Algo similar experimenté con la lectura de tu libro. Me planteaste desde un inicio un pacto de lectura diferente al que me brinda un género específico. El libro se presenta como cuentos, pero puede ser una novela, una autoficción, biografía o testimonio, o sencillamente una anti novela. El narrador es un oyente, al que escucho como en esa mesa del bar de la librería Utopía, comulga con mi idea de búsqueda al iniciar la lectura. 

Las pistas o señas del pacto las encontré en el Prólogo, firmado por Edgardo H. Berg: “La naturaleza ilusoria de estos cuentos nos hace pensar en la sinceridad del testimonio… ¿Cómo responder sobre la sinceridad de una historia que es a la vez ajena y propia?”  En la Inscripción, al modo borgeano, firmada por Fabián Soberon: “Mi escritura busca impugnar la ficción… En estos cuentos todo está contaminado. Lo real es ficcional y lo ficcional es real… La verdad lo pudre todo”, concluye Soberón. Al final del libro, el Epilogo, tuyo, Arturo Serna, terminaron de prepararme para el mundo al que entraría y yo misma construiría con mi lectura.  
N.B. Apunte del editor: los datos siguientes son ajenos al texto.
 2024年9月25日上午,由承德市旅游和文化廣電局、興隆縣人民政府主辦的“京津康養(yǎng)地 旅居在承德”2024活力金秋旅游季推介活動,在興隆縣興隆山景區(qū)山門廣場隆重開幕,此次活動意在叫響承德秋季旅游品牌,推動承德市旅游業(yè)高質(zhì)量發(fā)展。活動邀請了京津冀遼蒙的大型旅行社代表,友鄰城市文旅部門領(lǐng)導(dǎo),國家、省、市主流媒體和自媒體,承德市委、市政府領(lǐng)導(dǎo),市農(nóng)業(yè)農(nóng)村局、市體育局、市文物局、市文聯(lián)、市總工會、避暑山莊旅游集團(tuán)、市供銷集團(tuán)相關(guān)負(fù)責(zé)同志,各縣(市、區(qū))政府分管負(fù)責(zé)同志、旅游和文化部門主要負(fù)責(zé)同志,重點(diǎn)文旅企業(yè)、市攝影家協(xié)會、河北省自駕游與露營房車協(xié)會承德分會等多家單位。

Sabes bien que el lector sigue decidiendo qué es un texto. El autor no puede hacer más que resignarse. Y por si no lo sabes (estoy segura que es así) el vinagre blanco y tibio deja luminosa cualquier superficie, ningún otro producto de limpieza lo ha superado. Se lo enseñé a uno de mis hijos que se fue a vivir solo, es el que llegó con la torta. Tenía almuerzo familiar, como todo domingo, ahí estábamos, circulando en un espacio, por momentos caóticos, con platos, cubiertos, ensaladas a medio hacer, música, charlas, el perro ansioso por las sobras y mi cuñada recién llegada: “Quise ir a la presentación del libro, me interesaba eso que publicaste en una historia de Instagram”, se refería a “el porqué de la sentencia que escribe Soberón”: “La verdad lo pudre todo”.
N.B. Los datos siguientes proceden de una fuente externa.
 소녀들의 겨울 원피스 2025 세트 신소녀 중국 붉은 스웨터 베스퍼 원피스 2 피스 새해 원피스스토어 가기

Le expliqué que hay una literatura que suele buscar reafirmar al lector en sus creencias y expectativas, otra que demanda al lector una atención completa, y a la vez no te asegura ninguna recompensa. Que la autoficción es una desarticulación de la norma, no sé si es un género, una categoría, un recurso literario, puede ser que como lectora no me interese definirlo, pero sí comprender la propuesta, que se me impuso como inevitable mientras leía el libro. Le conté cómo usaste los hechos anecdóticos a partir de los cuales ampliaste universos posibles, disgregaste el pensamiento en vidas que van más allá del autor individual, y se me abrió un universo de libertades que no significaron alejarme o evadirme de la realidad, sino que me generaron acción, no contemplación. Me sentí yo misma produciendo el sentido de la obra. “Eso de la verdad lo pudre todo, podría haber dicho yo a mi ex, cuando lo descubrí con otra” dice mi cuñada. Nos reímos. En su rostro leo confusión (es un ejemplo rudimentario del pacto de lectura de este libro, advertirte que no será pacífica la lectura), sé que ella, al irse, rumiará cada palabra y sin darse cuenta será parte de mi ficción.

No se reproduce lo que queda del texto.